The code below generates a simple **test reference sequence** and a **test reads dataframe** with two WT reads and two mutant reads (50% each). This test data overwrites `reference` and `reads_df`, so re-run Step 2 if you want to re-load the original data.

If it's working correctly, your code (Step 3) should identify `read_2` as having a mutation at position 200, and at position 2 for `read_4`.

In [None]:
# Generate test data
reference = "A"*199 + "C"

test_read_wt = "A"*199 + "C"
test_read_mut = "A"*199 + "G"
test_read_mut_2 = "A" + "G" + "A"*197 + "C"

reads_df = pd.DataFrame({"read_id": ["read_1", "read_2", "read_3", "read_4"],
                         "read": [test_read_wt, test_read_mut, test_read_wt, test_read_mut_2]})

# Show the first rows of the reads_df test data
reads_df.head()

You can continue to adapt the test data generation code above to test your program. For example, does your program output the mutated base changes correctly to `analysis.csv`?

## 💣 Step 5: Develop robustness to errors

An essential part of good coding practice is making sure that your program **doesn't crash**, no matter what is thrown at it!

In a similar way to the test data generation code above, we can generate further test data to simulate 3 specific types of errors in the input `reference` and `reads_df` data:

1. Truncated reads (i.e. reads shorter than 200 nt)
2. Lower-case bases (e.g. a lower-case base character such as `a` instead of `A`)
3. Unknown characters (i.e. any letter or character except A, C, T or G, such as E, j, %, @, etc.)

### ✂ Truncated reads

In [None]:
# Generate test data for truncated reads
reference = "A"*199 + "C"

test_read_wt = "A"*199 + "C"
test_read_wt_2 = "A"*100 + "C"
test_read_mut = "A"*199 + "G"
test_read_mut_2 = "A" + "G" + "A"*100 + "C"

reads_df = pd.DataFrame({"read_id": ["read_1", "read_2", "read_3", "read_4"],
                         "read": [test_read_wt, test_read_mut, test_read_wt_2, test_read_mut_2]})

# Show the first rows of the reads_df test data
reads_df.head()

### 🔡 Lower-case bases

In [None]:
# Generate test data for lower-case bases
reference = "A"*199 + "c"

test_read_wt = "a"*199 + "C"
test_read_mut = "A"*199 + "g"
test_read_mut_2 = "A" + "g" + "a"*197 + "C"

reads_df = pd.DataFrame({"read_id": ["read_1", "read_2", "read_3", "read_4"],
                         "read": [test_read_wt, test_read_mut, test_read_wt, test_read_mut_2]})

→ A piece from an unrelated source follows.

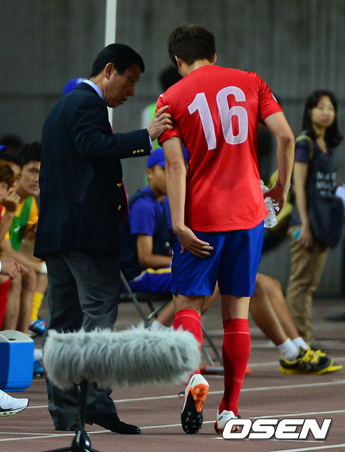 12일 오후 고양종합운동장에서 열린 2014 브라질 월드컵 최종예선 2차전 한국과 레바논의 경기, 전반 한국 기성용이 부상으로 교체되고 있다.

# Show the first rows of the reads_df test data
reads_df.head()

### ⁉ Unknown characters

Based on the previous examples, write code here to generate test data containing unknown characters (i.e. letters or symbols except A, C, T or G):

In [None]:
# Generate test data for unknown characters


# 👣 Next steps

✅ **Check:**
- Does your program (Step 3) implement everything listed in the [essential functionality](#essential) section?
- Does it follow **good coding practices** in the use of functions, commenting, and variable naming?
- Does it **pass all the tests** so far (Steps 4 and 5)?

If so, congratulations! 🥳

Now, you can develop it further by implementing the features in the [advanced functionality](#advanced) section.